DIARY:夕焼け少年漂流記

 

2012.10.22

第36号 TMI の遠山友寛先生

 TMIの遠山先生は、簡単にその人柄を語れるような気がするだけに、実は深遠なる弁護士キャリアを歩いてこられたに違いない。
 そのお人柄をあえて簡単に言わせてもらえれば、

「強くて、明るくて、逞しくて、繊細で、情がある」

 この朝も、行きつけのサウナの中で世間話。
 「テレビは本当に軽くて、面白くなくなりましたね」(T)
 「そうですね。テレビが変われば、少しはこの国もよくなりますね」(H) 「大体この政治的な問題は、そこがポイントじゃないんですよね」(T)
 「制作しているディレクターの問題意識がないんじゃないですか」(H)

 この夜、先生の弁護士事務所の近くにあるホテルで“Entertainment/Team Japan”という会合が先生の主催で行われた。

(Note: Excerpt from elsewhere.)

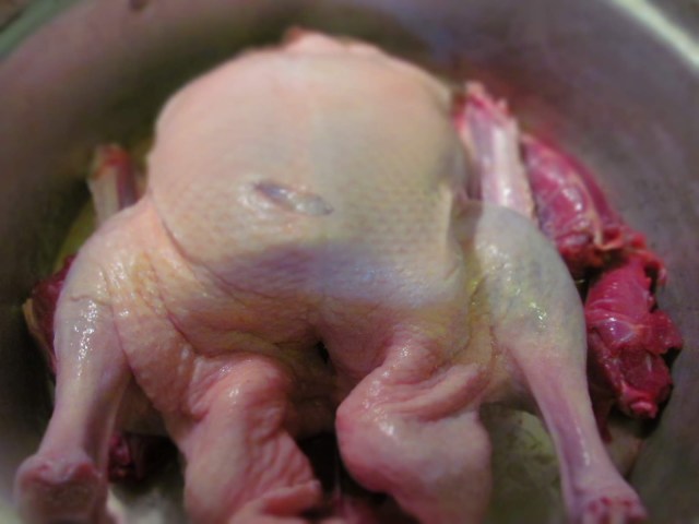 - Сложих патицата в тесен съд, за да мога лесно да я напълня и зашия.

この会合の趣旨は月刊「美楽」11月号の3ページ目に御執筆頂いたのだが、要は
“目立つことを何となく避けてしまう「日本人」が主流になってしまい、日本人の文化度が企画商品化してしまった・・・・・”。

 よって、この会合でコンテンツと言われている業界に所属している人が一堂に会し、“もう一度日本人のつまらない文化感を打破するためのエネルギーを結集しよう”という趣旨。
 
 「発起人もいなければ、主催者もいないのが、自然ですよね」(T)
 「・・・・・・・・先生しか出来ないプロデュースですね」(H)

 同じ九州人として、誇りに思う先輩である。




2012.10.08

第35号 浜松町の蘇生

 浜松町の蘇生は、JR山手線の中でも最大の目玉である。
 一日に17万人の乗降客が行き交い、羽田空港も24時間化空港へと向かい、この街は、日本のどの駅よりも国際化された都市になる。

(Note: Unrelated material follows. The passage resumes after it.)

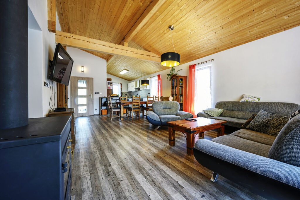 Otvorený dizajn krovu vyzerá zaujímavo a môže sa stať dominantným estetickým prvkom v interiéri. Interiér je vzdušnejší a priestrannejší a vysoký strop odvádza teplý vzduch a zabraňuje prehrievaniu. Poradíme vám, ako nechať vyniknúť drevo krovu strešnej konštrukcie.
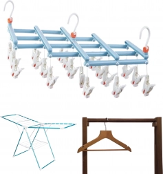Die Klammern verfügen über rutschhemmende Details und eine starke Feder, sodass die Wäsche nicht verrutscht und auch bei Wind hält. Dank des leichten Designs lässt sich der Hänger einfach transportieren und ist auch auf der Hütte oder beim Camping eine gute Wahl.

 大門から増上寺へと向かう参道と第一京浜の交差する東南の一角には、この街の住人なら誰もが知る金毘羅うどん屋がある。
 仕事を終えたサラリーマンはまずは、名物の秋田屋の目が開けられないほどのやきとりを焼く煙の中で、数本のもつの串焼きを平らげる。続いて、行きつけの居酒屋で、晩酌セットを2〜3時間ゆっくりとたしなみ、終電の確認を腕時計でチェックした後、残りの数十分で金毘羅うどんを食べにこの店の暖簾をくぐる。
 言ってみれば、この店はこの浜松町に住むサラリーマンたちの一日の最後を締めくくる“締めの店”なのだ。


 この一角に、新しいビルが建造される。名物の金毘羅うどんも三十年近い歴史を閉じることになるようだ。
 創造的破壊なのか、破壊的創造なのか、都市はいつも呼吸をしているが、それが街にとって健全なのか、不健康なのか、誰も検証しない。